Looking at our Sysbench transactional benchmark, the Samsung PM9A3 had 11,108 TPS, placing it second among the tested drives.

With Sysbench average latency, the Samsung PM9A3 posted 11.52ms, which was good enough for second once again.

For our worst-case scenario latency (99th percentile) the PM9A3 showed 20.70ms.

VDBench Workload Analysis

When it comes to benchmarking storage devices, application testing is best, and synthetic testing comes in second place. While not a perfect representation of actual workloads, synthetic tests do help to baseline storage devices with a repeatability factor that makes it easy to do apples-to-apples comparisons between competing solutions. These workloads offer a range of different testing profiles ranging from “four corners” tests, common database transfer size tests, to trace captures from different VDI environments.

All of these tests leverage the common vdBench workload generator, with a scripting engine to automate and capture results over a large compute testing cluster. This allows us to repeat the same workloads across a wide range of storage devices, including flash arrays and individual storage devices. Our testing process for these benchmarks fills the entire drive surface with data, then partitions a drive section equal to 25% of the drive capacity to simulate how the drive might respond to application workloads. This is different than full entropy tests which use 100% of the drive and takes them into a steady state. As a result, these figures will reflect higher-sustained write speeds.

Profiles:

  • 4K Random Read: 100% Read, 128 threads, 0-120% iorate
  • 4K Random Write: 100% Write, 128 threads, 0-120% iorate
  • 64K Sequential Read: 100% Read, 32 threads, 0-120% iorate
  • 64K Sequential Write: 100% Write, 16 threads, 0-120% iorate
  • Synthetic Database: SQL and Oracle
  • VDI Full Clone and Linked Clone Traces

Comparables:

In our first VDBench Workload Analysis, Random 4K Read, the PM9A3 had a peak performance of 905,366 IOPS at a latency of 562µs. This placed it well behind the leader which boasted well over a million IOPS.
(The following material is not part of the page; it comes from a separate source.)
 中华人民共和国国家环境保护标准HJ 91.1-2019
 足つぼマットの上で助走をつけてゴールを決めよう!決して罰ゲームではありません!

In 4K random write, the PM9A3 took the third spot with a peak performance of 506,365 IOPS at a latency of 1,001.7µs.

Switching over to 64k sequential workloads, the PM9A3 had similar performance to the Kioxia CD6, peaking at 4.72GB/s (or 74,861 IOPS) at 844.6µs.

In 64K write, the PM9A3 fell towards the back of the pack, peaking at just 2.02GB/s (32,684 IOPS) with a latency of 1,948µs.

Our next set of tests are our SQL workloads: SQL, SQL 90-10, and SQL 80-20, all of which showed similar results. Starting with SQL, the new Samsung drive placed first with a peak performance of 259,124 IOPS at a latency of 122.4µs, which edged out all other drives.

SQL 90-10 saw the Samsung PM9A3 just a hair behind the Memblaze drive for second place, with a peak performance of 260,690 IOPS at a latency of 121.3µs.

With SQL 80-20, the new Samsung drive landed in a three-way tie for second by the end of the test with the Kioxia and Intel drives with a peak performance of 244,746 IOPS at a latency of 129µs.

Next up are our Oracle workloads: Oracle, Oracle 90-10, and Oracle 80-20. Like with the SQL benchmarks, the Samsung PM9A3 continued its solid performance. Starting with Oracle, the PM9A3 placed second with a peak performance of 251,605 IOPS at 138.1µs, results which were very similar to the Kioxia drive.

For Oracle 90-10, the PM9A3 placed first among the tested drives, peaking at 209,670 IOPS at a latency of 103.6µs.

Looking at Oracle 80-20, the PM9A3 took first place again with its peak performance of 206,939 IOPS at 104.7µs.

Next, we switched over to our VDI clone test, Full and Linked. For VDI Full Clone (FC) Boot, the Samsung PM9A3 placed second trailing the Memblaze drive with a peak of 211,248 IOPS at a latency of 161.3µs.

VDI FC Initial Login, the PM9A3 fell to fourth place with a peak of 114,418 IOPS with 258µs for latency.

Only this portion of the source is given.